The stabilizer for a thermoplastic resin comprising the alkylated dalcoside of the present invention improves the thermal stability of the thermoplastic resin containing the stabilizer, so that the coloring of the molded product due to thermal deterioration is remarkably suppressed.

This effect is considered to be exhibited by the following mechanism.

That is, the alkylated darcoside used in the present invention contains a hydrophobic alcohol in the molecule. Since it has a kill group and multiple hydroxyl groups, it acts as a surfactant and improves the dispersibility of stabilizers such as antioxidants added to improve thermal stability, thereby improving the performance of resin molded products It is considered something. In addition, particularly in the case of a polyolefin resin, a trace amount of a metal component derived from a filler or a metal catalyst at the time of production may cause deterioration of the resin. However, the alkylated dalcoside molecule chelates the metal component and inactivates the metal component. It is thought that it is doing.

In the case of a chlorine-containing resin, particularly when a zinc-based stabilizer is used, it is necessary to inactivate the active zinc chloride generated as described above to prevent zinc burning, but use an alkylated dalcoside. If so, it is considered that multiple hydroxyl groups in the alkylated dalcoside molecule coordinate with zinc chloride and inactivate it. In this case, a higher stabilizing effect can be obtained by using an acid scavenger in combination so that the generated hydrochloric acid does not decompose each bond in the alkylated dalcoside molecule.

BEST MODE FOR CARRYING OUT THE INVENTION

The alkylated dalcoside, which is a stabilizer of the present invention, is one in which the hydroxyl group of glucose alone or polydarcoside in which 2 to 10 darcose molecules are condensed by darcoside bonds is alkylated by an ether bond. The free hydroxyl group bonded to the glucose skeleton in the alkylated glucoside may be further acylated by an ester bond.

Assuming that the number of hydroxyl groups in glucose or polydarcoside is n, the total number of alkylated and acylated hydroxyl groups is preferably n_1 or less, more preferably 2/3 or less of n. The ability to deactivate metals or metal compounds that are the causative agents of the resin decreases, and the thermal stability of the resin decreases. The number of carbon atoms in the alkylated portion is not particularly limited, but is preferably an alkyl group of 4 to 24 from the viewpoint of compatibility with the resin and economical efficiency. For example, octyl, noel, decyl (force prill), pendecyl, Linear and branched, such as dodecyl (lauryl), tridecyl, tetradecyl (myristyl), pentadecyl, hexadecyl, heptadecyl, octadecinole (stearyl), nonadecyl, eicosyl, 1-methyl-hexyl, 1-butyl-hexyl A chain alkyl group having 8 to 20 carbon atoms is particularly preferred. If it is smaller than this, the compatibility with the resin deteriorates and the thermal stability decreases. It is difficult to obtain. As the acyl group, those having 4 to 24 carbon atoms derived from saturated / unsaturated fatty acids are preferred. Those having 8 to 20 carbon atoms are particularly preferred.

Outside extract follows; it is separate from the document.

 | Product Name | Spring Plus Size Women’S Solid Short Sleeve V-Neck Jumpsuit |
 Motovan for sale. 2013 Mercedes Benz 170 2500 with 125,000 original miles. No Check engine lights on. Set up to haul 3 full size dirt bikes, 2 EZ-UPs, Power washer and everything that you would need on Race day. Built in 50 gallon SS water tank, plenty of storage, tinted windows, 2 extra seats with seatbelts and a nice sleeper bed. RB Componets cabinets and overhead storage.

These alkylated darcosides are produced, for example, by hydrolyzing starch and alkylating a hydroxyl group with an aliphatic alcohol, and are also commercially available.

The acid scavenger contained in the stabilizer composition of the present invention is not particularly limited as long as it can neutralize or adsorb an inorganic or organic acid such as hydrochloric acid which is generated in the resin and causes deterioration. From the viewpoint of the effect of imparting stability and versatility, preferably, the talcite at the mouth, an alkali metal compound such as an alkali metal hydroxide, oxide or carbonate, a hydroxide or oxide of an alkaline earth metal Or alkaline earth metal compounds such as carbonates, and calcium-magnesium acid scavengers which are a mixture of double salts and salts thereof, such as hydroxides, hydroxides and oxides of hydrotalcite, magnesium or calcium. Or carbonates and dolomite compounds such as dolomite, calcined dolomite, and slaked lime, which are mixtures of double salts of these, calcium-magnesium acid scavenging Agent is more preferable.

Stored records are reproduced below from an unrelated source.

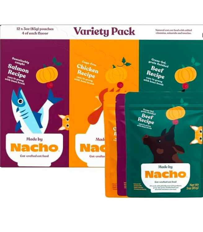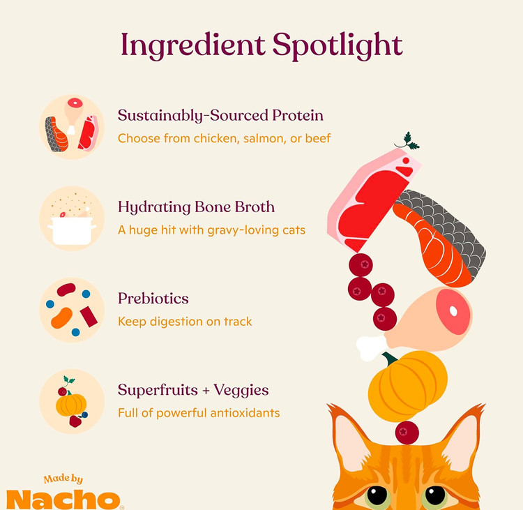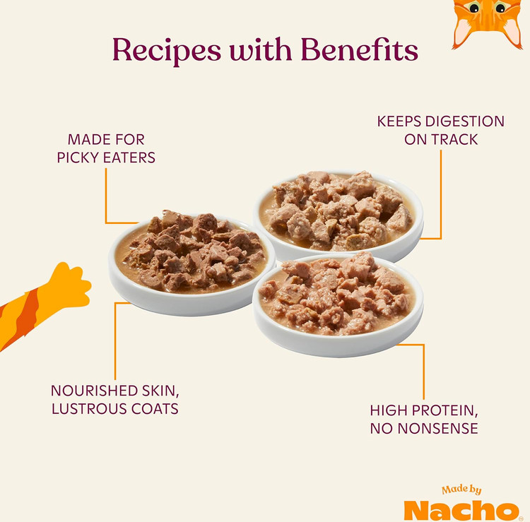 • تولید شده توسط ناچو و بابی فلی: هر دستور غذایی ترکیبی از طعمها و بافتهایی است که گربهها عاشقشان هستند، همراه با مواد اولیه تأیید شده توسط سرآشپز و متخصص تغذیه.
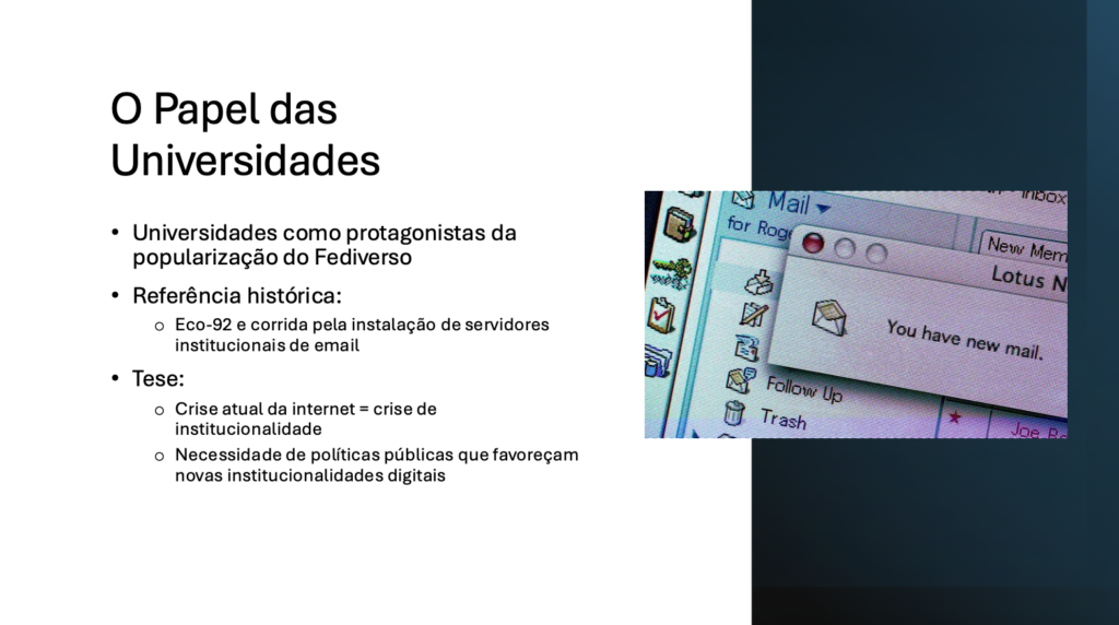 Quando penso no desafio que é deslanchar um estratégia de popularização do Fediverso no Brasil, não posso deixar de pensar nas universidades como instituições melhor posicionadas para o protagonismo. Impossível não lembrar do período de mobilização para a eco-92, onde as universidades entraram em uma competição saudável em termos de diligência na instalação de seus primeiros servidores institucionais de email. Naquele momento, a internet nascia sob os auspícios da institucionalidade.
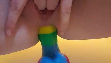 Colombian ebony teen is riding a very huge dildo

The amount of the alkylated glucoside to be added is 0.1 to 100 parts by weight with respect to 1 part by weight of the alkylated glucoside. If the amount is smaller or larger, the synergistic effect of the resin stabilization by the addition becomes smaller. A particularly preferred range is about 0.2 to 50 parts by weight per 1 part by weight of the alkylated darcoside.

The calcium-zinc-based or Z- and zinc-based zinc-based stabilizers contained in the stabilizer composition of the present invention may be the usual ones used for polyvinyl chloride-based resins. A mixture of a zinc acid salt or a mixture of a barium salt of an organic acid and a zinc salt of an organic acid is preferred. The organic acids include, for example, acetic acid, propion

'' Acid, butyric, valeric, cabronic, octanoic, lauric, stearic,

'' Acid, benzoic, salicylic, oleic, malic, succinic, adipic, phthalic, terephthalic, trimellitic, glutamic, lysine, pyrrolidone Examples thereof include carboxylic acid, aspartic acid, and glycine, and for example, stearic acid is preferred.

The amount of the calcium-zinc-based or barium-zinc-based stabilizer to be added to the alkylated darcoside is 0.1 to 100 parts by weight based on 1 part by weight of the alkylated dalcoside. The synergistic effect of resin stabilization due to is reduced. A particularly preferred range is about 0.2 to 50 parts by weight per 1 part by weight of the alkylated darcoside.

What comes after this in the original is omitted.